Question by Fernando H: How does nanotechnology handle cell adhesion molecules?
I´m doing a little project and I´m looking for information about how nanotechnology handles cell adhesion molecules.

I´ve been looking around the web and so far I´ve found no information on the subject, so you could add to my question: Does technology to handle cell adhesion molecules exist, for instance, an artificial surface covered in adhesion molecules that would allow cell-to-surface contact?

I put this into the engineering category, although this would also fit into the biology category.

Best answer:

Answer by Bert K
A great question, probably with detailed information only kept in research companies as proprietary.

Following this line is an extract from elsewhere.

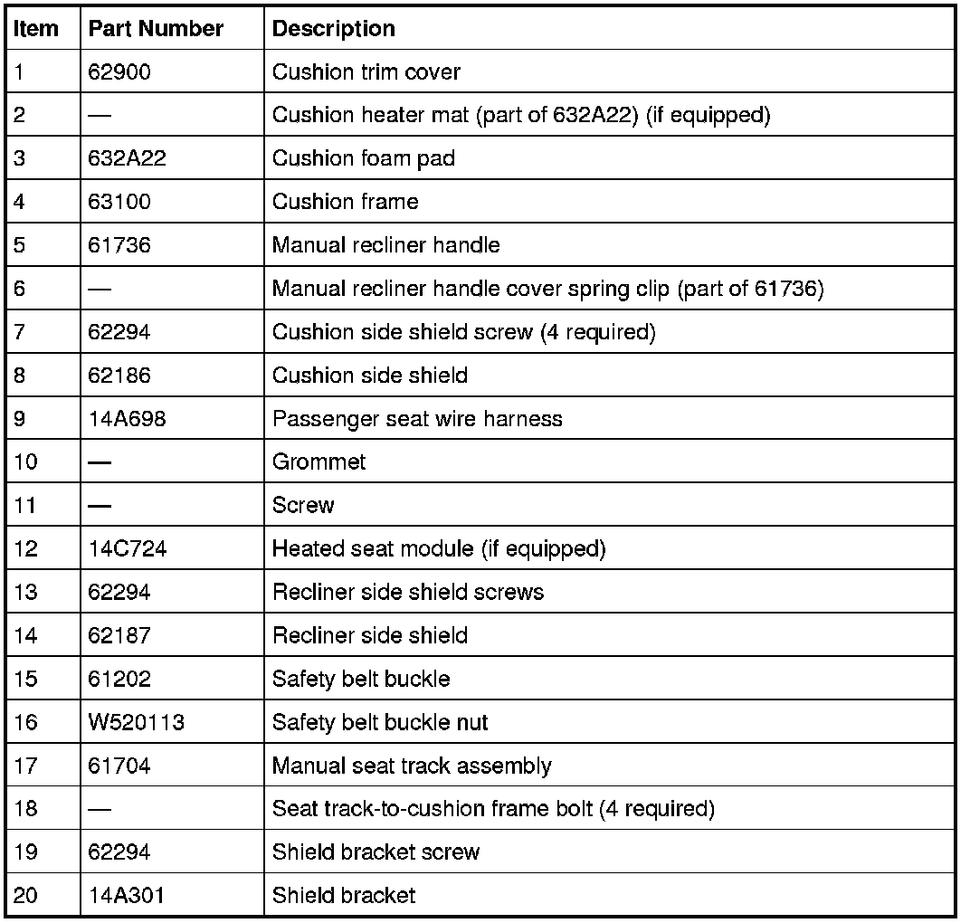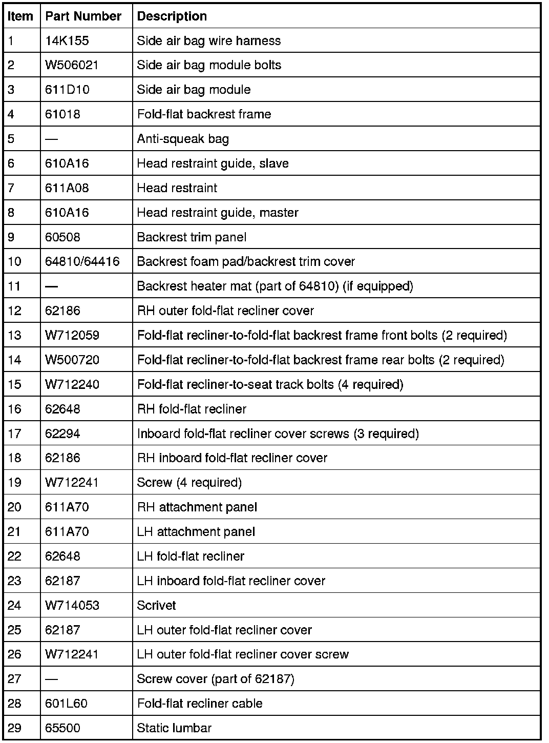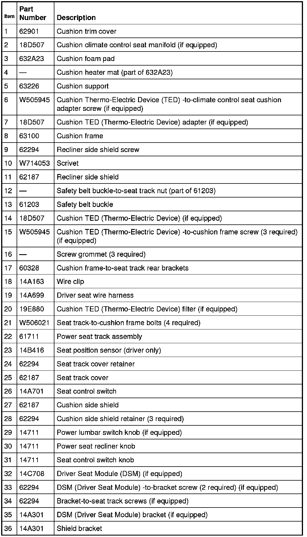 NOTE: To install a new Occupant Classification System Module (OCSM) or an Occupant Classification Sensor (OCS) weight sensor bolt, refer to the appropriate procedure in Restraints and Safety Systems &/or Air Bag Systems.
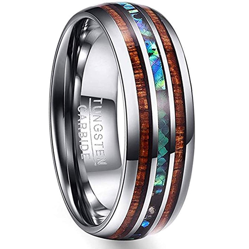 Vakki 8mm Mens Wedding Bands with Hawaiian Koa Wood Abalone Shell Inlay Dome Tungsten Rings Size 10.5

One decent on-line paper is by the New Scientist

http://www.newscientist.com/article/dn9939

It contains lots of interesting links which may give you research folks to contact directly.

There is doubtless good information which researchers would share with you that is not proprietary. e.g., carbon nanotubes, of an allotrope graphene, is made in sheets one or two atoms thick and then rolled into wire-like tubes which are just nanometers in diameter. and has better thermal conduction characteristics than copper. When properly deposited on appropriate heat-generating/heat-sensitive components these nanotubes are better heat sinks than if metal could be used, and in many cases it can’t. This is used to improve high frequency heat shock stress on semiconductors, at least this is in on-going research, and must have dealt with the problem of interfacing with artificial surfaces and adhesion molecules.

I think MIT has been doing research on this, and if you don’t find a more informative industrial source of data, I suggest you contact their radiation laboratory.